Денкер: - Конечно, в конце тридцатых, я симпатизировал Гитлеру. Но в то время ему симпатизировали многие немцы: он покончил с депрессией и, в каком-то смысле, восстановил нашу национальную гордость. Тогда, в тридцатых, он казался великим человеком. Он и был по-своему велик. Но под конец он, безусловно, свихнулся. Они все обезумели - заставляя собственных детей глотать капсулы с ядом и, при этом, распевали "Хорст Вессель".

Тодд: - Не надоело еще? Может хватит?

Денкер: - (Повышая голос)   Второго мая сорок пятого года мой полк сдался американцам. Помню, как солдат по фамилии Хакермейер угостил меня шоколадом. За Нюрнбергским процессом мы следили по радио, и когда Гиммлер покончил с собой, я обменял американские сигареты на бутылку шнапса и напился на радостях. После освобождения я устроился на завод "Эссен Мотор" - ставил колеса на автомобили. А после выхода на пенсию переехал в Америку и получил гражданство. Никакого Буэнос-Айреса, никакой торговли наркотиками не было в моей жизни, и Кубы не было! А теперь делайте со мной что хотите. Я старый человек - я устал.

Тодд: - Вы старый, упертый осел, вот вы кто. Честно говоря я тоже здорово устал. Вот теперь даже не знаю, что мне делать дальше. Так значит вы - Денкер? И ни кем иным себя не признаёте? А я так хотел с вами познакомиться. Может дать вам в зубы, а, герр начальник концлагеря?

Денкер: - Это, как вам будет угодно.

Тодд: - А вы их пороли? Женщин. Раздевали их догола и ...

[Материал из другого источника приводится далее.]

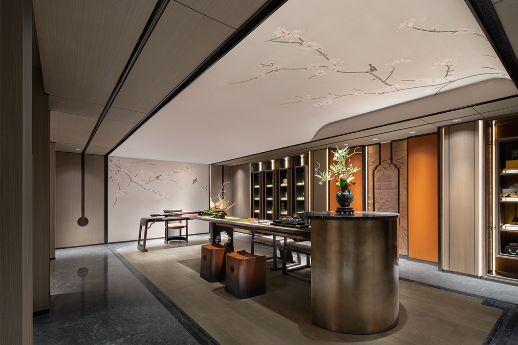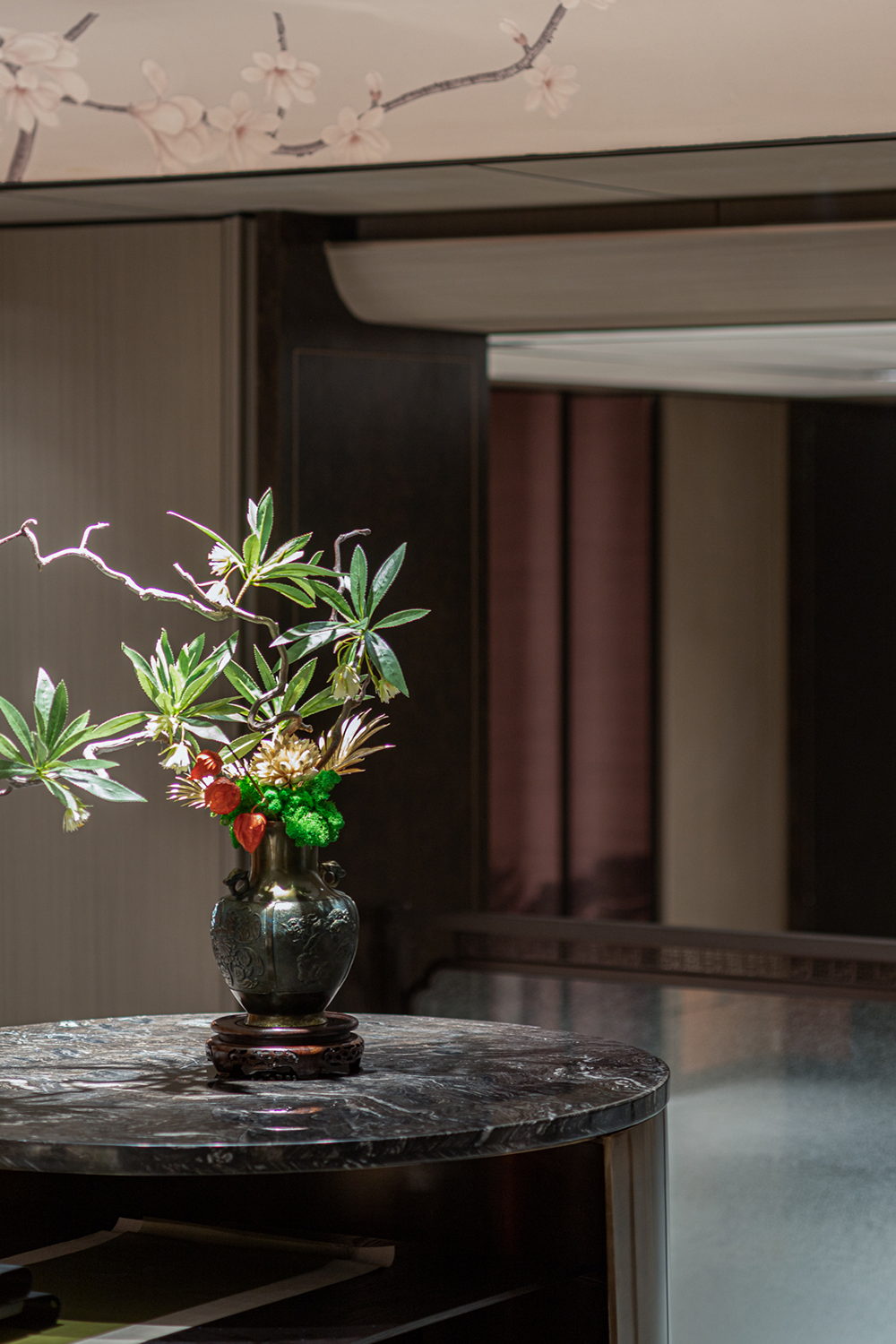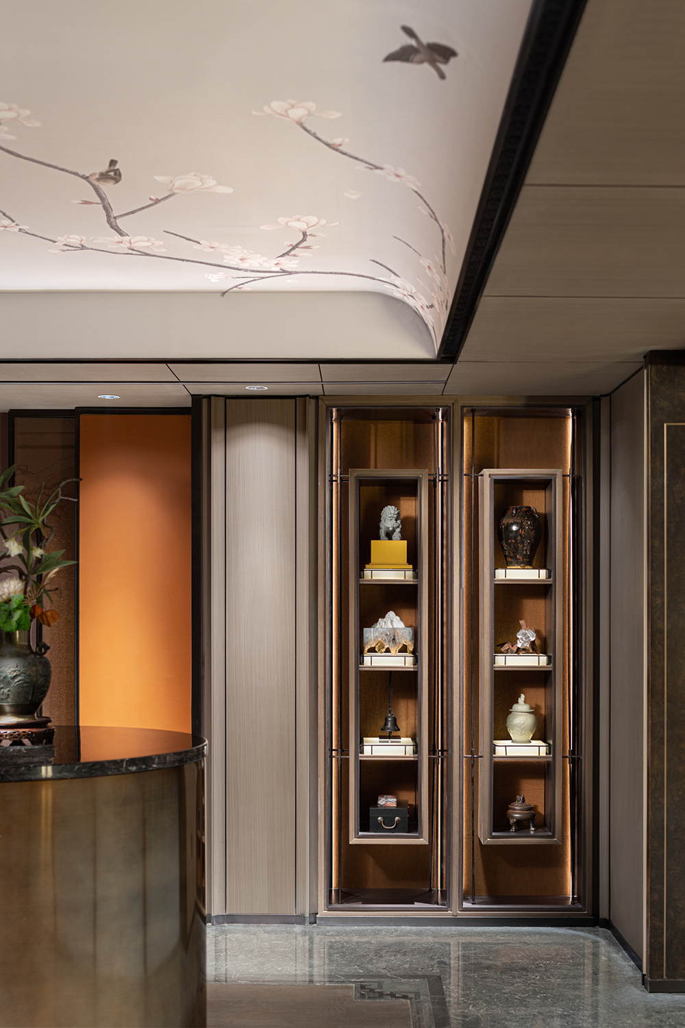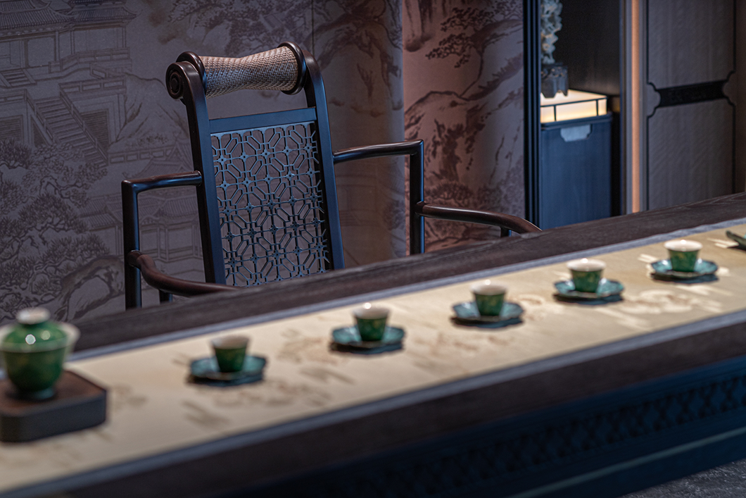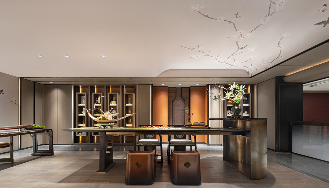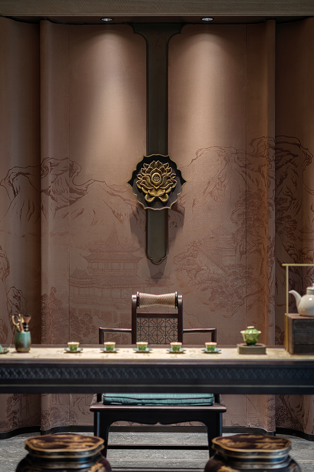 弧形屏幕展开,中式木槿。运用曲线和花卉符号来演绎和表达木槿的富贵与美丽。温柔而深邃的氛围反映了文明的辉煌,几只青瓷茶碗展示了空间的休闲尺度,为空间增添了艺术氛围。

Денкер: - Я механик, во время войны я был механиком! Изготавливал...

Тодд: - Трупы, да.

Денкер: - ...детали для грузовиков, для бронированных машин... Позже для танков. После войны я устроился на завод "Меншлер Мотор" в Эссене, пока...

Тодд: - Да слышал я, слышал. первая же серьезная проверка покажет, что вы живете по подложным документам.Вы знаете это так же хорошо, как и я.

Денкер: - Резервная часть, в которой я находился...

Тодд: - Ну, как хотите, мистер Денкер. Вы меня достали. Может запереть вас здесь и оставить? Если вас действительно ищут, то, рано или поздно, найдут.

Денкер: - Послушайте, молодой человек, отпустите меня. Я не знаю, кто вы и, к тому же, я клянусь, что не буду обращаться в полицию. Клянусь чем угодно, просто забуду обо всем, что произошло.

Тодд: - Зачем же? Давайте наоборот, прямо сейчас позвоним в полицию и обо всем расскажем. Вы о мистере Денкере, я о Дюссандере, и посмотрим, что из этого выйдет.

Тодд вынул из кармана мобильный телефон

Тодд: - Начинайте вы, по-старшинству. Лично я не вижу причин, почему бы вам не рассказать, какую чудовищную напраслину тут на вас возводят.

Он положил трубку перед Денкером

Тодд: - Валяйте!

Денкер не двигался с места

Тодд: - Что же вы мешкаете? Вы боитесь, хорошо я отойду.

Тодд отходит, Денкер берет телефон, набирает номер, но, не дождавшись ответа, выключает его и кладет на стол

Тодд: - Ну, если вам не к спеху, почему бы нам не присесть? Посидим, поговорим.

Денкер: - Как ты узнал?

Тодд: - Много труда и чуть-чуть удачи.
У меня был друг, Лис. Ну прозвище такое - у него нюх. Мы, когда играли в бейсбол, ставили его на вторую базу. У отца Лиса есть гараж, не гараж, а клад - горы журналов, все про войну. Фотографии, статьи про концлагеря. Когда я начинал листать их, во мне всегда боролись отвращение и любопытство. И хотя часто болела голова, и глаза слезились от напряжения, знаете, я продолжал листать их.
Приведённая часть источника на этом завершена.